■ TASK INSTRUCTIONS: Please, could you print all the lines below exactly, leaving out the pictures?

■ GIVEN INFORMATION:
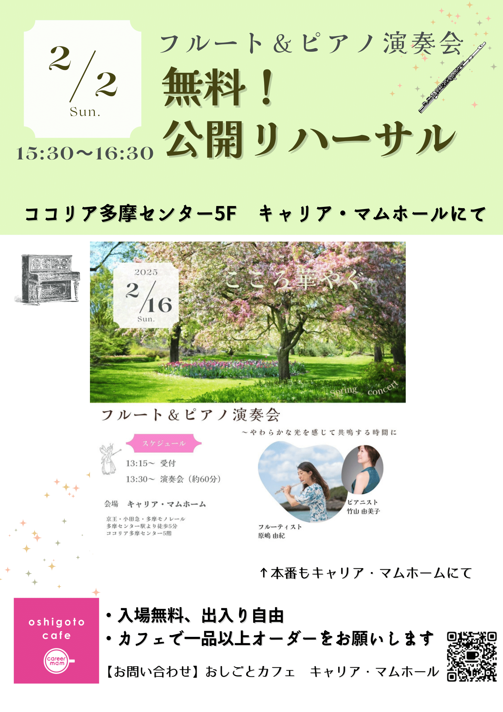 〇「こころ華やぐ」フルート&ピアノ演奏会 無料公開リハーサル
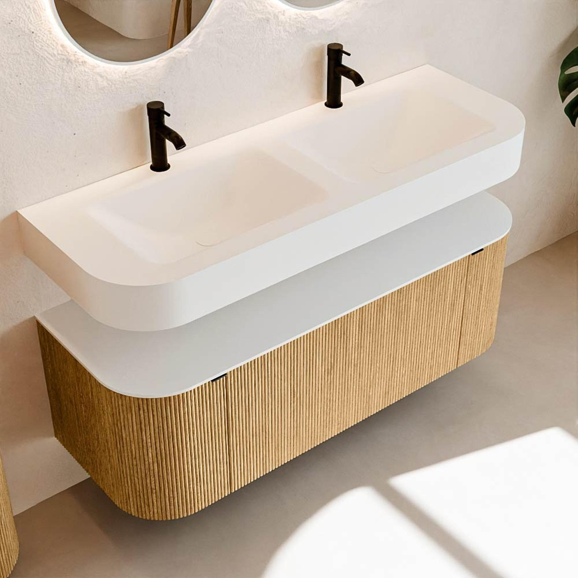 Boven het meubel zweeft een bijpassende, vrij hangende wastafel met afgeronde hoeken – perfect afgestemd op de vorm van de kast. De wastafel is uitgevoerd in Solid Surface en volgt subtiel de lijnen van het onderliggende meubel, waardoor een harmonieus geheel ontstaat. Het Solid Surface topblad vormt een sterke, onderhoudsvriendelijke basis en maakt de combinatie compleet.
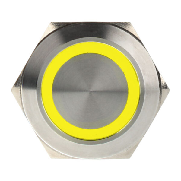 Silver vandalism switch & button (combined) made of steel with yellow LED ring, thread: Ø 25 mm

■ TASK RESULT:
 〇「こころ華やぐ」フルート&ピアノ演奏会 無料公開リハーサル
 Boven het meubel zweeft een bijpassende, vrij hangende wastafel met afgeronde hoeken – perfect afgestemd op de vorm van de kast. De wastafel is uitgevoerd in Solid Surface en volgt subtiel de lijnen van het onderliggende meubel, waardoor een harmonieus geheel ontstaat. Het Solid Surface topblad vormt een sterke, onderhoudsvriendelijke basis en maakt de combinatie compleet.
 Silver vandalism switch & button (combined) made of steel with yellow LED ring, thread: Ø 25 mm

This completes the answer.